> **Description of the task**
Show each line of the listing in which the word "Andrena" occurs.
** Entries shown follows **
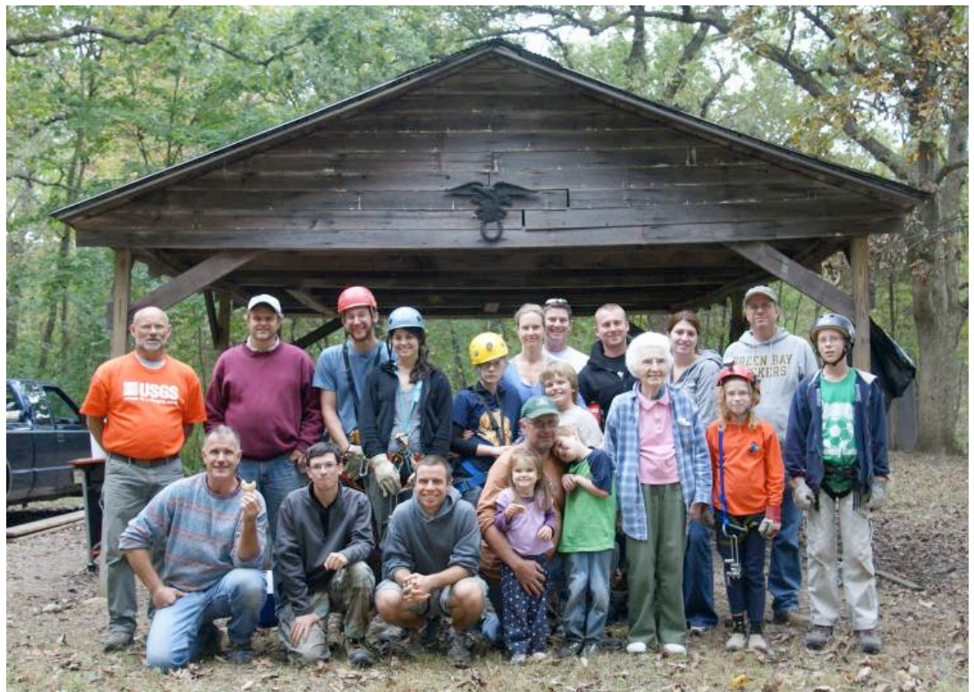
Picnickers at the 2010 Near Normal Grotto Annual Picnic at Clark Falls Farm
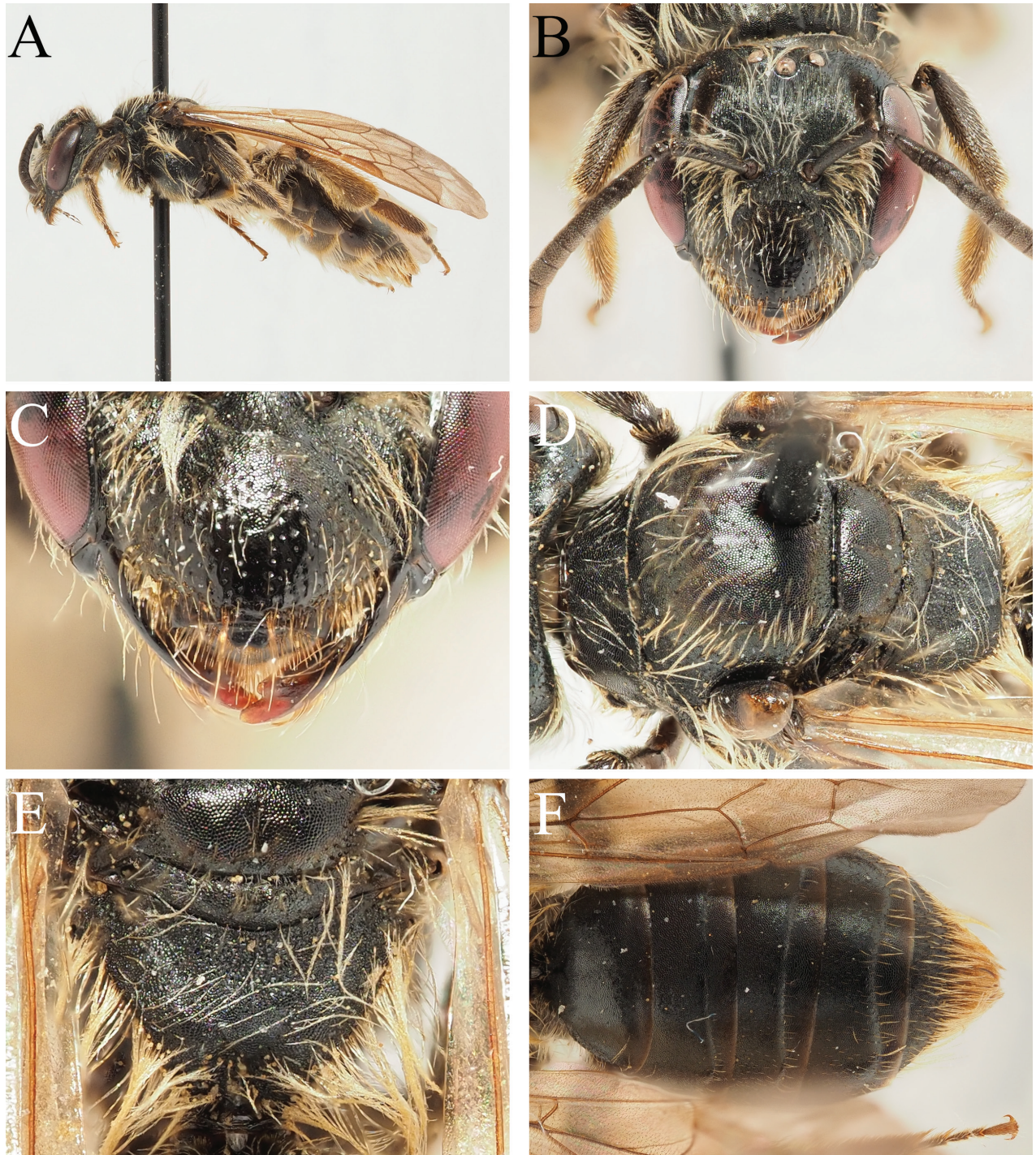
Figure 4. Andrena (Notandrena) baiocchii sp. nov. female A habitus, lateral view B face, frontal view C clypeus, frontal view detail D scutum, dorsal view E propodeum, dorsal view F terga, dorsal view.

punctures becoming sparse, in the apical 1/3 of the clypeus with punctures separated by 1–3 puncture diameters (Fig. 4C). In comparison species the clypeus usually has a uniform sculpture, typically dull, never smooth and shining in its apical half (with the exception of A. trimarginata ) and the clypeal punctures are consistently denser. Andrena trimarginata can be separated by the overall shape of the head (clearly wider than long) and by the density of clypeal punctures which are separated by a consistent 0.5–1 puncture diameters over the entire surface of the clypeus. Some individual species can also be separated
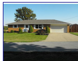
14870 FOX RANCH
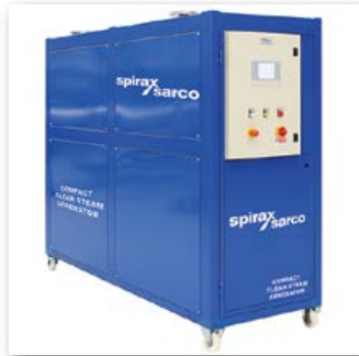
2. Clean steam generators
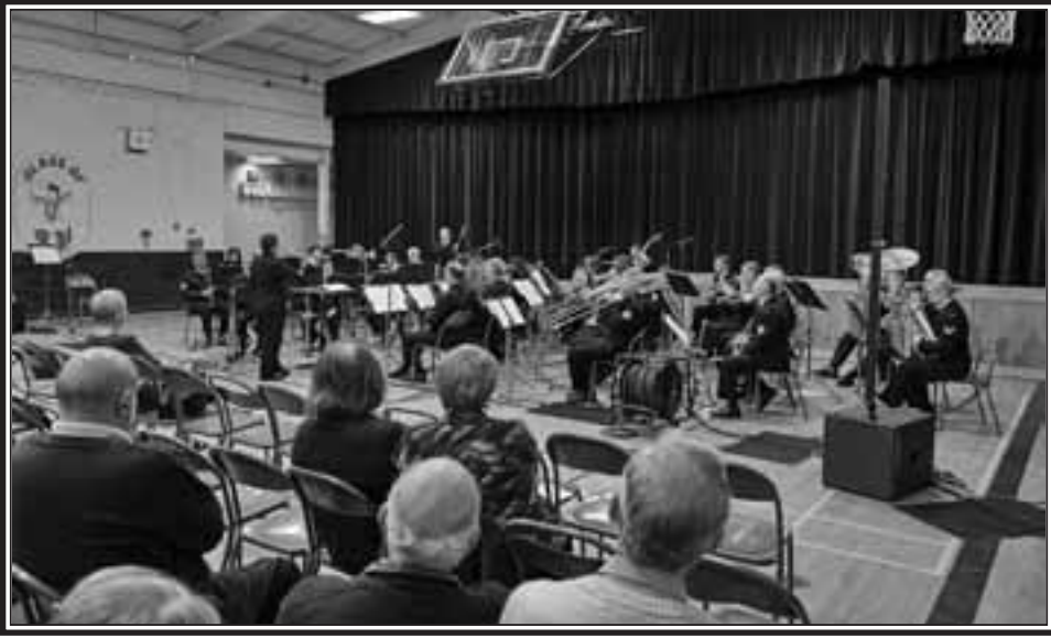
Parrsboro was honoured to again have the opportunity to be entertained by the Stadacona Band (of Maritime Forces Atlantic) on Mother's Day, May 8th at Parrsboro High School. The band presented a variety of different styles of music both new and old leaving all who attended enthralled by the quality of the voices and orchestral sound that filled the auditorium. This is the second year in a row for the band to come to Parrsboro.
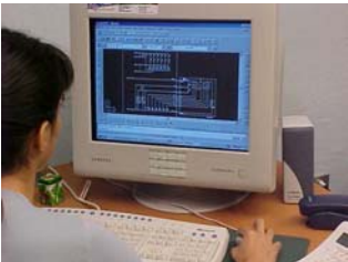
Auto Cad Drawing
** End of Entries shown **
> **Problem solution**
Figure 4. Andrena (Notandrena) baiocchii sp. nov. female A habitus, lateral view B face, frontal view C clypeus, frontal view detail D scutum, dorsal view E propodeum, dorsal view F terga, dorsal view.
punctures becoming sparse, in the apical 1/3 of the clypeus with punctures separated by 1–3 puncture diameters (Fig. 4C). In comparison species the clypeus usually has a uniform sculpture, typically dull, never smooth and shining in its apical half (with the exception of A. trimarginata ) and the clypeal punctures are consistently denser. Andrena trimarginata can be separated by the overall shape of the head (clearly wider than long) and by the density of clypeal punctures which are separated by a consistent 0.5–1 puncture diameters over the entire surface of the clypeus. Some individual species can also be separated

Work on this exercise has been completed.